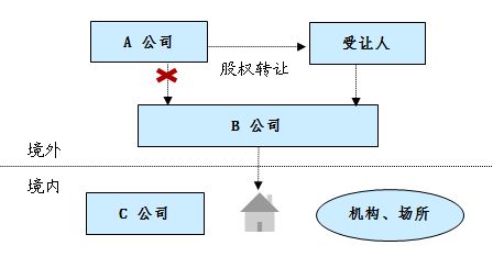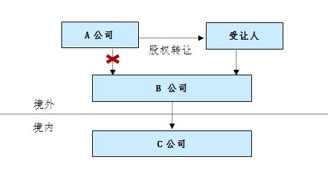 以上述A、B公司為例,如果B公司同時持有中國境內公司C的股權,當A公司轉讓B公司的股權時,如果中國稅務機關認為此次轉讓不具有合理的商業目的且B公司沒有實質性的經營活動,則其可以否定B公司的存在,而將該股權轉讓交易視為A公司直接轉讓C公司的股權,進而A公司需要就其取得的股權轉讓所得在中國申報繳納企業所得稅,本案例如下圖所示。
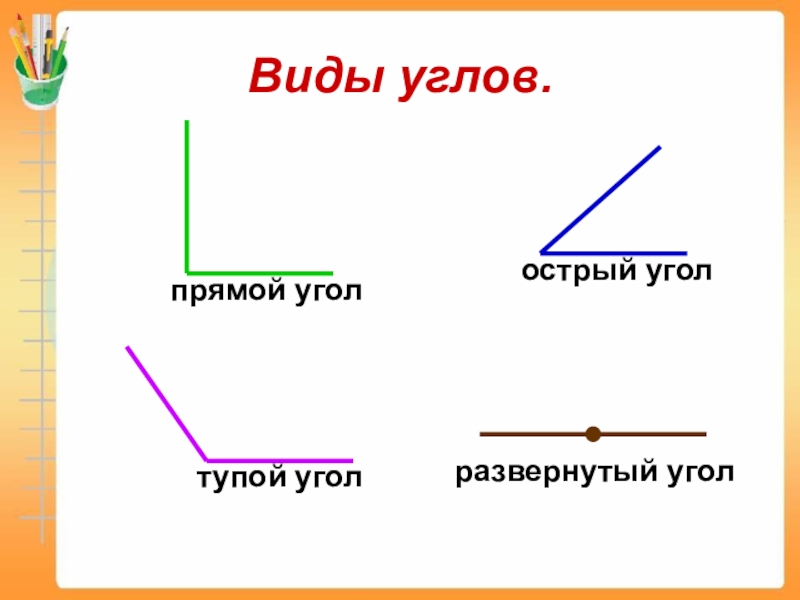 Презентация, доклад по математике на тему Виды углов (2 класс)
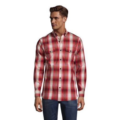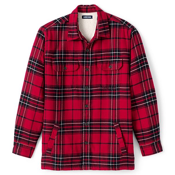 Men S Lands End Traditional Fit Plaid Sherpa Lined Flannel Shirt Jacket
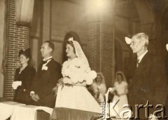 Lata 50., Apostoles, Misiones, Argentyna. Ślub jednej z córek Szychowskich. Pierwszy z prawej Juan Szychowski. Fot. NN, zbiory rodziny Szychowskich, reprodukcje cyfrowe w Bibliotece Polskiej im. Ignacego Domeyki w Buenos Aires (Biblioteca Polaca Ignacio Domeyko) i w Ośrodku KARTA w Warszawie
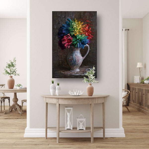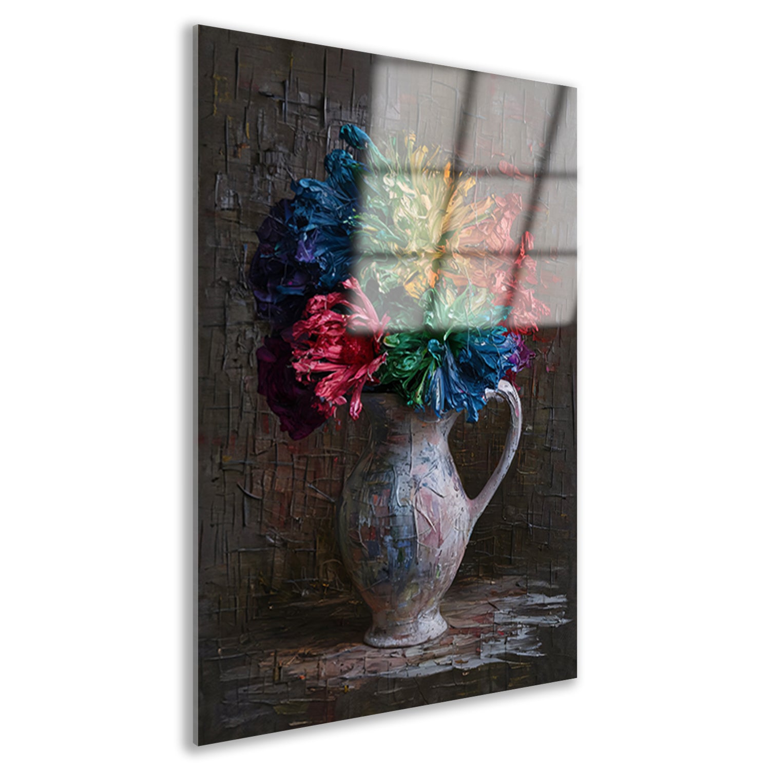 Kleurrijke Impressionistische Bloemen in Elegante Vaas acrylglas
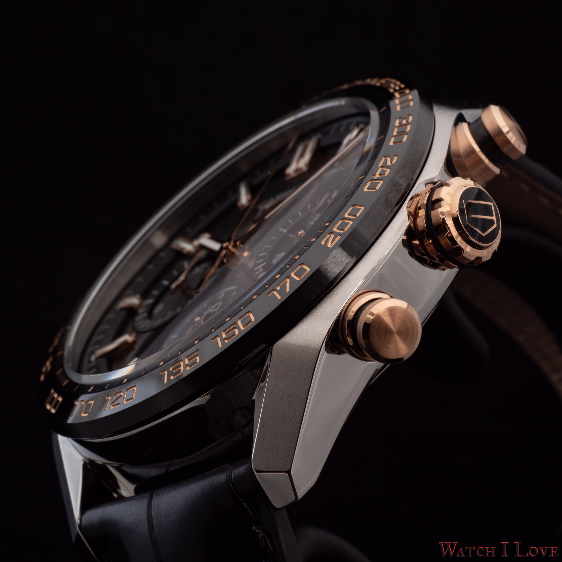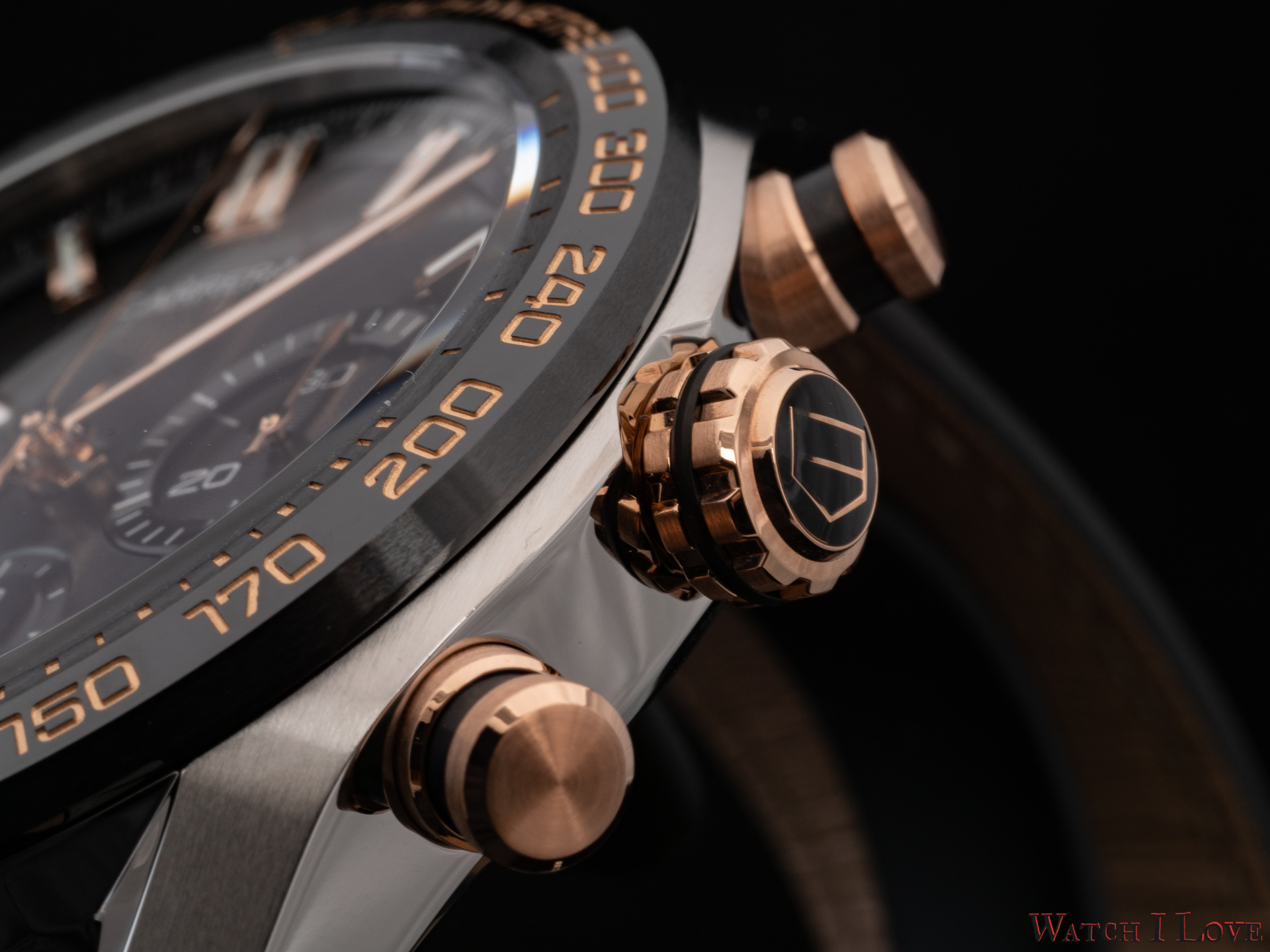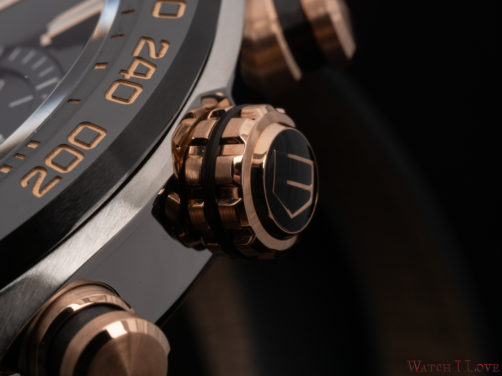 The right side of the TAG Heuer Carrera Sport Chronograph 44 mm Calibre HEUER02 Automatic presents the rose gold crown and pushers. The combination of black and gold is awesome. The bevelled pushers are fixed on the case via 5N rose gold cylindrical holders.
++++++++++++++++++++
Work item: Make an exact copy of the lines above, beginning with the line with "Презентация, доклад по" and ending with the line with "Men S Lands", and keep the pictures out of it.

Written solution:
 Презентация, доклад по математике на тему Виды углов (2 класс)
 Men S Lands End Traditional Fit Plaid Sherpa Lined Flannel Shirt Jacket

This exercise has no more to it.